Large-scale synthesis of uniform and extremely small-sized iron oxide nanoparticles for high-resolution T1 magnetic resonance imaging contrast agents.

Author information

1
World Class University Program of Chemical Convergence for Energy & Environment, and School of Chemical and Biological Engineering, Seoul National University, Seoul 151-744, Korea.

Abstract

Uniform and extremely small-sized iron oxide nanoparticles (ESIONs) of < 4 nm were synthesized via the thermal decomposition of iron-oleate complex in the presence of oleyl alcohol. Oleyl alcohol lowered the reaction temperature by reducing iron-oleate complex, resulting in the production of small-sized nanoparticles.
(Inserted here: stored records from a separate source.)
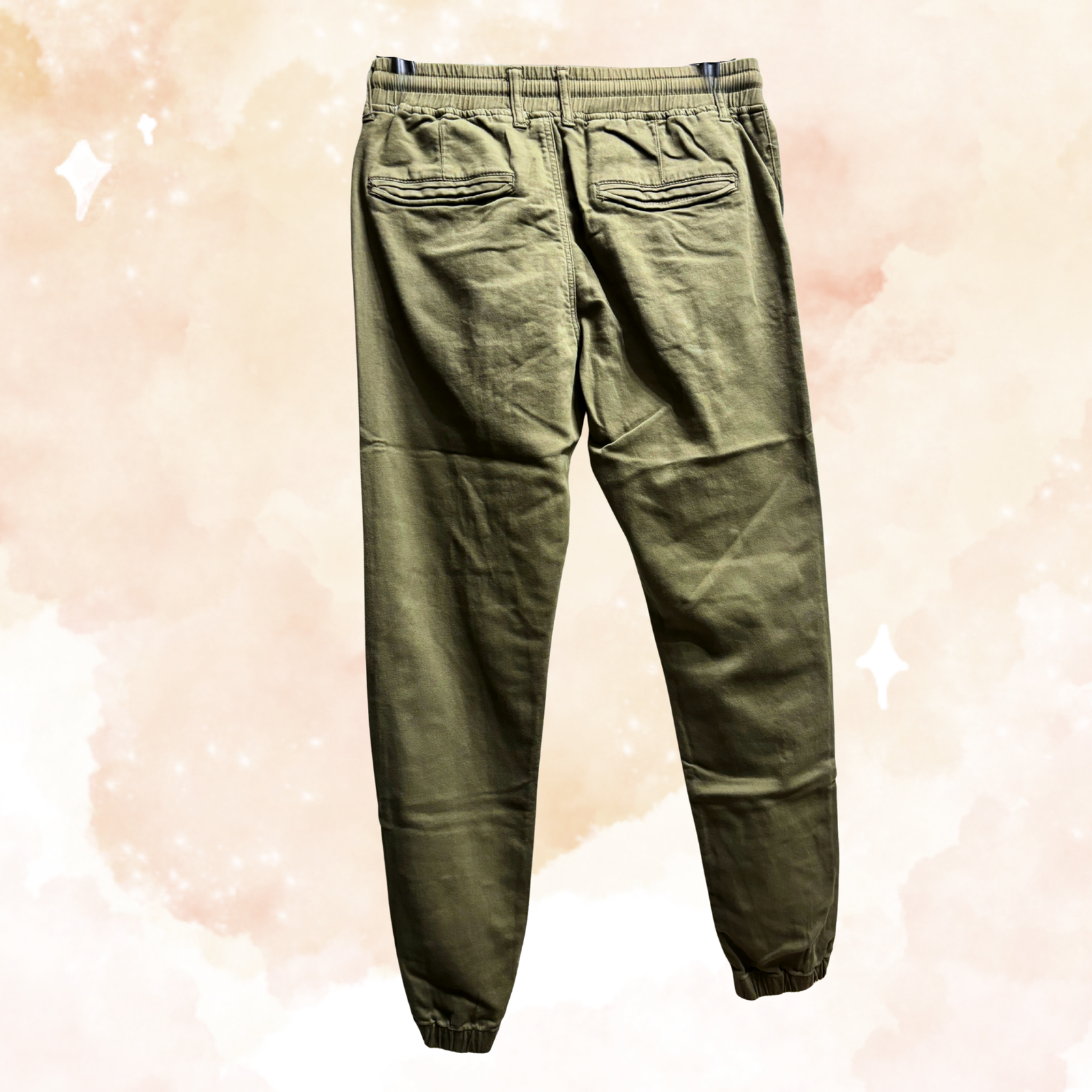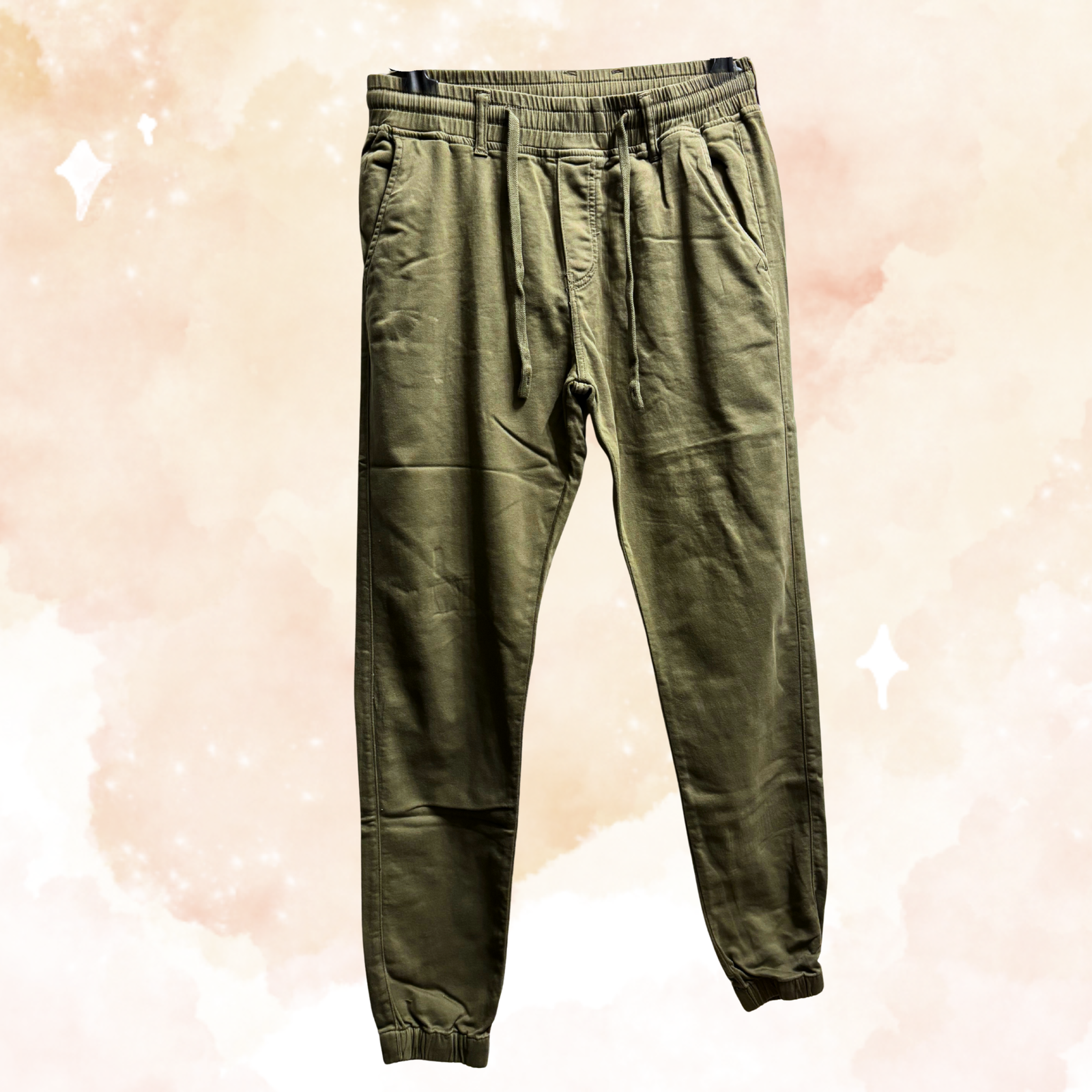 Pantaloni jogger verde oliva con vita elasticizzata e coulisse, vestibilità comoda e design moderno.
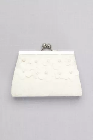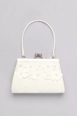A sweet little carryall for your flower girl or junior bridesmaid, this petite lace purse is blooming with pearl-centered 3D flowers.
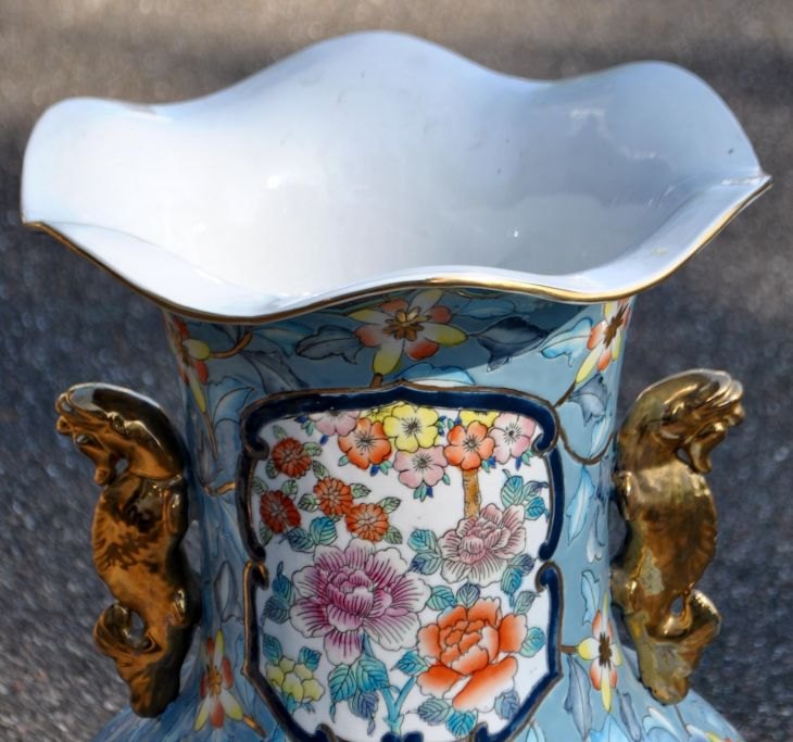 Large Chinese floor vase in porcelain, 20th century. Numerous polychrome decorations in the form of carriages with flowers, birds in flower bushes, etc. Gilded handles. Ruffled edge. Stamped. H.: 81.5 cm.
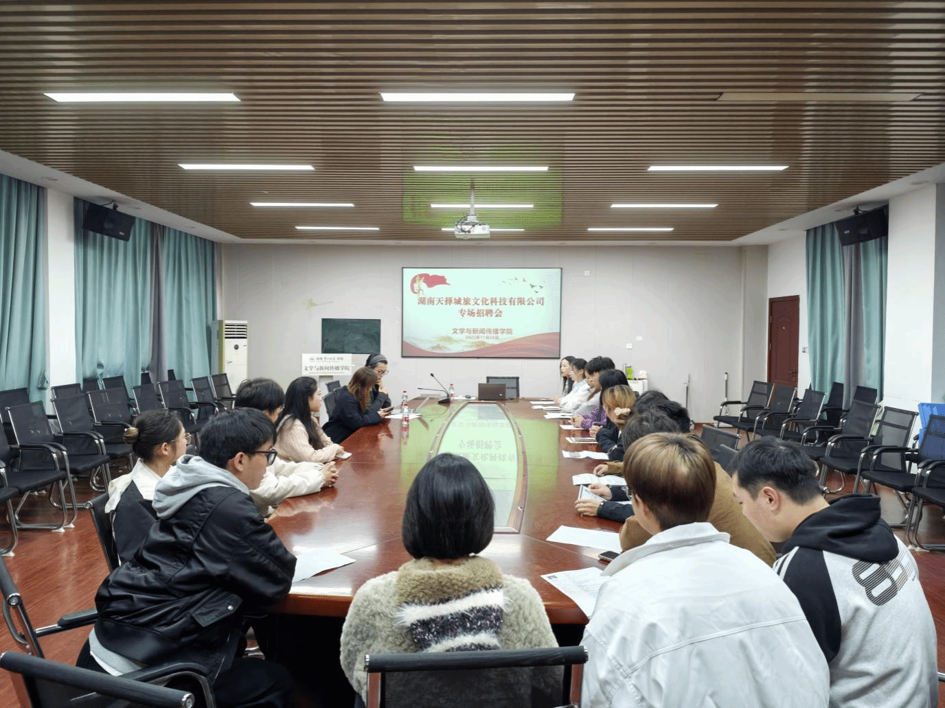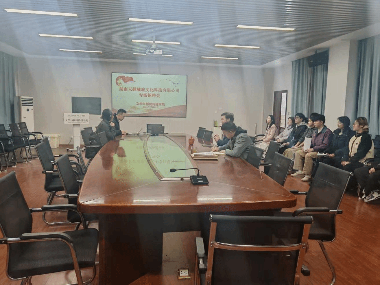 特邀湖南天择城旅文化科技有限公司在玉衡楼201举办专场招聘会。院党委书记刘立勇、院党委副书记李豪杰亲临现场指导,毕业班辅导员李倩、就业专干安炜成及来自脱裤吧

XRD pattern of 3 nm-sized nanoparticles revealed maghemite crystal structure. These nanoparticles exhibited very low magnetization derived from the spin-canting effect. The hydrophobic nanoparticles can be easily transformed to water-dispersible and biocompatible nanoparticles by capping with the poly(ethylene glycol)-derivatized phosphine oxide (PO-PEG) ligands. Toxic response was not observed with Fe concentration up to 100 μg/mL in MTT cell proliferation assay of POPEG-capped 3 nm-sized iron oxide nanoparticles. The 3 nm-sized nanoparticles exhibited a high r(1) relaxivity of 4.78 mM(-1) s(-1) and low r(2)/r(1) ratio of 6.12, demonstrating that ESIONs can be efficient T(1) contrast agents. The high r(1) relaxivities of ESIONs can be attributed to the large number of surface Fe(3+) ions with 5 unpaired valence electrons. In the in vivo T(1)-weighted magnetic resonance imaging (MRI), ESIONs showed longer circulation time than the clinically used gadolinium complex-based contrast agent, enabling high-resolution imaging. High-resolution blood pool MR imaging using ESIONs enabled clear observation of various blood vessels with sizes down to 0.2 mm. These results demonstrate the potential of ESIONs as T(1) MRI contrast agents in clinical settings.

PMID:
21744804
DOI:
10.1021/ja203340u
[Indexed for MEDLINE]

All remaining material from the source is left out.